WORK ITEM
In this exercise, the entries below include pictures. Repeat exactly the lines from the line with "Visselpipan har även" to the line with "金属の素材や質感デザインをた", including both, but without the pictures.

[Dataset entries]
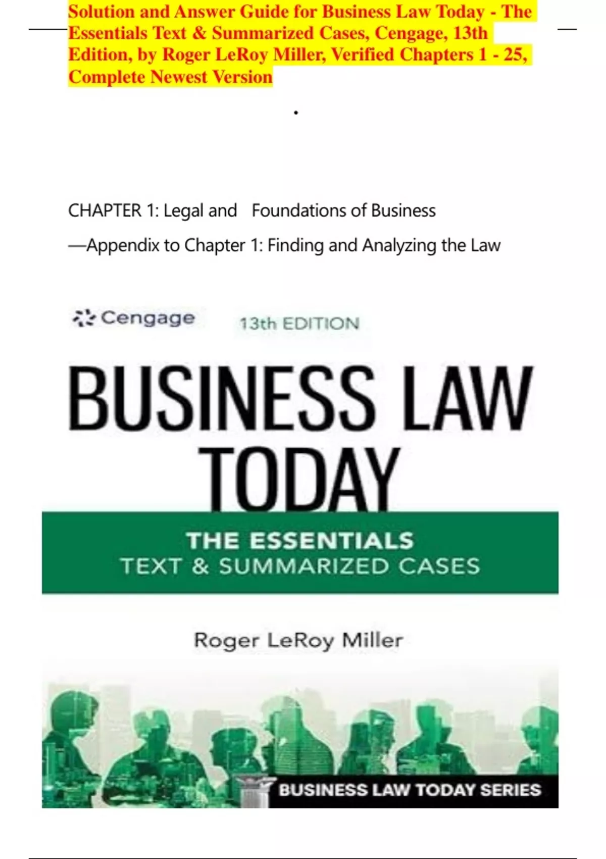 Solution and Answer Guide for Business Law Today - The Essentials Text & Summarized Cases, Cengage, 13th Edition, by Roger LeRoy Miller, Verified Chapters 1 - 25, Complete Newest Version Solution and Answer Guide for Business Law Today - The Essentials Text & Summarized Cases, Cengage, 13th Edition, by Roger LeRoy Miller, Verified Chapters 1 - 25, Complete Newest Version
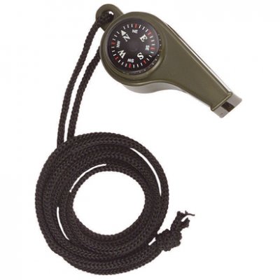 Visselpipan har även en kompass och en termometer som kan vara mycket väl tillhands vid friluftsaktiviteter.
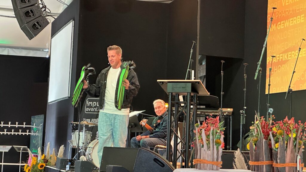 Auch Andreas Künzli von der Messe-Leitung war da und sprach ein paar Worte zu den Besucherinnen und Besuchern des Gottesdienstes. Es ist ein tolles Zeichen der Wertschätzung, dass von Seiten der Verantwortlichen der ZOM begrüsst wird, dass jedes Jahr ein Gottesdienst stattfinden kann.
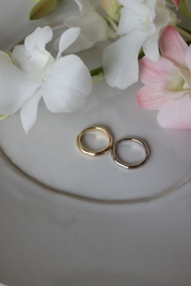 金属の素材や質感デザインをたくさんの中から選ぶことができ、いくつも試着させていただいて決めました。少し太めの指輪ですが付け心地も良く、普段アクセサリーを全くつけない彼も、指輪が届いてからは違和感なくずっとつけられているそうです!湾曲している部分があるので指輪のイメージも違って見せることもでき、後々石を追加したりすることもできるのでアレンジも楽しめそうです。
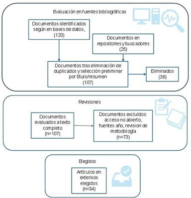 En una primera etapa, se identificaron 145 publicaciones potenciales. Estas fueron sometidas a un proceso inicial de depuración mediante la revisión de títulos y resúmenes, seguido de una verificación exhaustiva del texto completo. Las siete bases de datos consultadas fueron: Google Académico, Dialnet, SciELO, Redalyc, Scopus, ScienceDirect y ProQuest. Durante este procedimiento se detectaron 24 artículos duplicados, los cuales aparecían indexados en más de una base de datos con variaciones en el formato o como publicaciones secundarias.
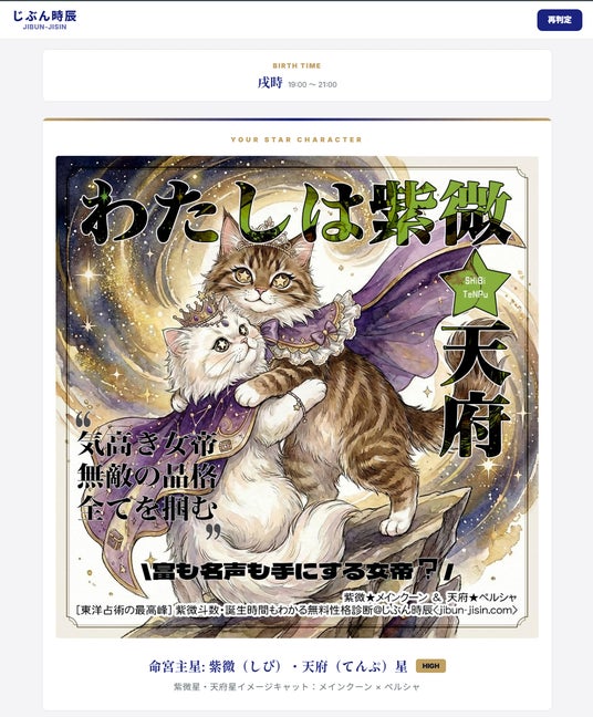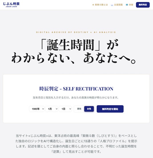 WEBISYS(エビス/東京都千代田区)は、東洋占術の最高峰『紫微斗数(しびとすう)』最大のボトルネックである「誕生時間が分からないと占えない」という課題をAI技術で解決したWEBインフラ『じぶん時辰(JIBUN-JISIN)』を公開しました。
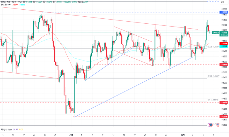 周五,欧元/美元上涨至1.17175美元。美国方面,美国8月非农就业人口仅增加2.2万人,远低于市场预期的7.5万人,也低于7月上修后的7.9万人。大幅弱于预期的非农数据凸显劳动力市场疲软,并进一步加强市场对美联储9月降息的押注。欧元区方面,2025年第二季度GDP季增0.1%,符合预期并与上一季持平;年率修正值则成长1.5%,高于前值和预期的1.4%。展望新的一周,市场将关注美国8月CPI与密歇根大学消费者信心指数初值。欧元区方面,周一将公布德国7月季调后工业产出月率,以及欧元区9月Sentix投资者信心指数。
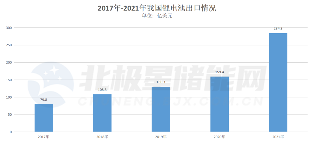 數(shù)據(jù)顯示,2015年,我國正式出口第一批鋰電池設(shè)備,現(xiàn)如今我國鋰電池設(shè)備的出口已經(jīng)覆蓋30多個(gè)國家和地區(qū)。2021年,我國儲(chǔ)能電池出貨量達(dá)48GWh、同比增長167%,預(yù)計(jì)2022年裝機(jī)量超90GWh,同比增長88%,2025年將超過324GWh。而海關(guān)統(tǒng)計(jì)顯示,2022年前8個(gè)月,我國鋰離子儲(chǔ)能電池累計(jì)出口299.26億美元,同比增長82.97%。北極星儲(chǔ)能網(wǎng)整理近年鋰離子電池出口情況如下,儲(chǔ)能鋰電池今年1-8月的出口額已經(jīng)超過2021年全年所有鋰電池出口額。

OUTPUT FOR THIS EXERCISE
 Visselpipan har även en kompass och en termometer som kan vara mycket väl tillhands vid friluftsaktiviteter.
 Auch Andreas Künzli von der Messe-Leitung war da und sprach ein paar Worte zu den Besucherinnen und Besuchern des Gottesdienstes. Es ist ein tolles Zeichen der Wertschätzung, dass von Seiten der Verantwortlichen der ZOM begrüsst wird, dass jedes Jahr ein Gottesdienst stattfinden kann.
 金属の素材や質感デザインをたくさんの中から選ぶことができ、いくつも試着させていただいて決めました。少し太めの指輪ですが付け心地も良く、普段アクセサリーを全くつけない彼も、指輪が届いてからは違和感なくずっとつけられているそうです!湾曲している部分があるので指輪のイメージも違って見せることもでき、後々石を追加したりすることもできるのでアレンジも楽しめそうです。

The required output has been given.